It is with a sense of shock that I realised that Marilyn Monroe died fifty years ago. I remember hearing the news on our old black and white television and the sense of shock I felt. As I had not seen her in any films or knew her work at all I wonder why I was so upset, but she was so often in the papers and magazines and we all felt we knew so much about her, that it was almost like losing a friend.
This new biography of Marilyn by Lois Banner is the most exhaustive and researched biography we have had yet of this remarkable woman. Most biographies about Marilyn are written by show business reporters or biographers, but the author of this one is a co-founder of the Berkshire Conference of Women Historians. This is not her first book on this subject, she has already published MM-Personal which reproduced and discussed items from Marilyn's personal archives so she is certainly well qualified to write this biography.
It is heavily researched and there is no part of Marilyn's life which is not explored in detail. I don't think Marilyn ever really knew who her father was, a fact which certainly impacted on her attitude to men as she grew into adulthood; her mother was mentally fragile and was incapable of looking after her daughter properly and Marilyn spent most of her childhood in foster homes with an assortment of friends and acquaintances who took her on when her mother could not cope and she had no stable childhood at all. She spent time with a family who were very involved with Christian Science and it was during this time that she later revealed she had suffered sexual abuse. She was rather vague about it and would not name who it was but the general consensus was that it was the foster father who was responsible though it was never proved. Indeed, some thought Marilyn had made it up in order to gain publicity.

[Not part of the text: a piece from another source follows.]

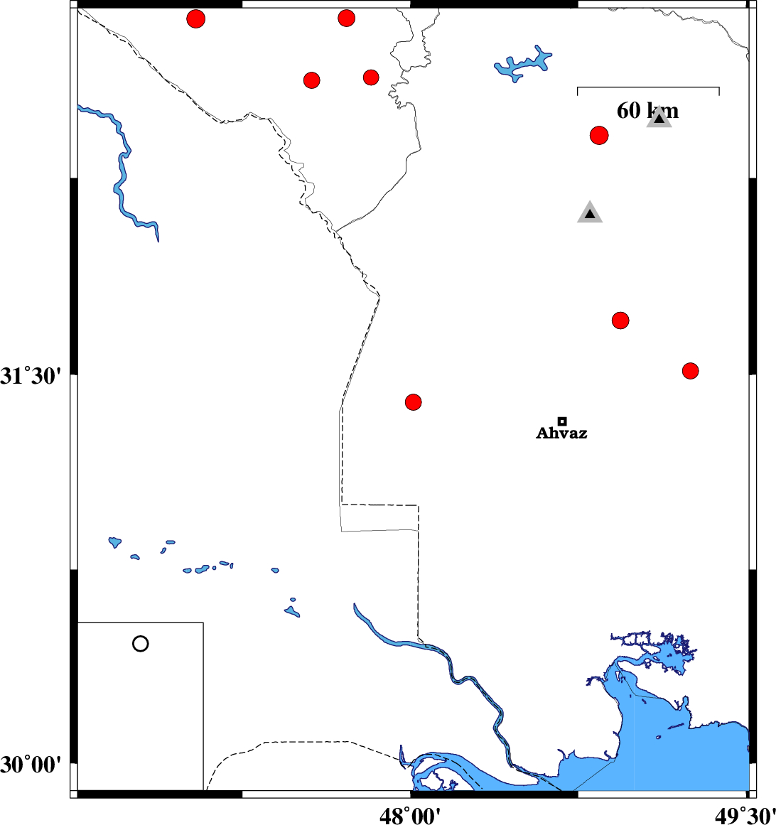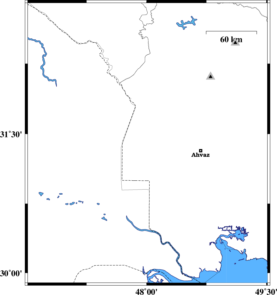 | 2023/10/25 | 05:06:50.2 | 08:36:50.2 | 31.394 | 48.013 | 16 | ML:3.2 | Khoozestan Province, 24 km South-West of Susangerd | ||

It would take too long to chart the ups and downs of Marilyn's early life and her career, but one thing that stands out most clearly is just how hard she worked. All I remember reading about her was her lateness on set, days when she did not turn up at all or could not be bothered, and yet it seemed that she was regarded as one of the hardest working young actresses in the studio, conscientiously taking her acting classes, turning up on time and spending hours perfecting her technique and concentrating on the expressions on her face in revealing emotion and feelings. Also clear that she was no intellectual slouch and she was bright and clever and witty and amusing. Marilyn had a clear eye and a level head and knew exactly what to do in order to push her career forward.
The more I read, the more fond of Marilyn I became. She struck me as being a really, well, nice woman. There seems to be no record or comment anywhere of her doing down another actress or behaving badly towards them. There appear to be plenty of actors who are quite happy to be sarcastic or unpleasant about her, Laurence Olivier being one of them. Seems he treated her very badly during the making of the film The Prince and the Showgirl - no surprise there - and her husband Arthur Miller who thought he had married a dumb blonde only to find out he was mistaken, seems to have spent most of their married life chipping away at her confidence and reducing her to a nervous wreck.

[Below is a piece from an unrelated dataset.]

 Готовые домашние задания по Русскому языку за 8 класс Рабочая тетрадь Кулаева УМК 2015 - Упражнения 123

Conspiracy theories abound over her death, was it an accident or was it murder? My feeling always has been that it was an accident, but the problem seems to be that her body was moved and her death not reported for some hours. It seems to me that the main reason for this delay was purely to get Bobbie Kennedy, who had seen her earlier in the day, well out of the way and out of the vicinity. I don't think for one moment that he had anything to do with her death but the Kennedys have a way of distancing themselves from scandal. Remember Chappaquidick when the death of Mary Jo Kopechne was not reported for some time while the conclave surrounding Ted Kennedy concocted a story to explain his abandoning of the car in which Mary Jo drowned. Cowards all who run scared and I don't think this was any different.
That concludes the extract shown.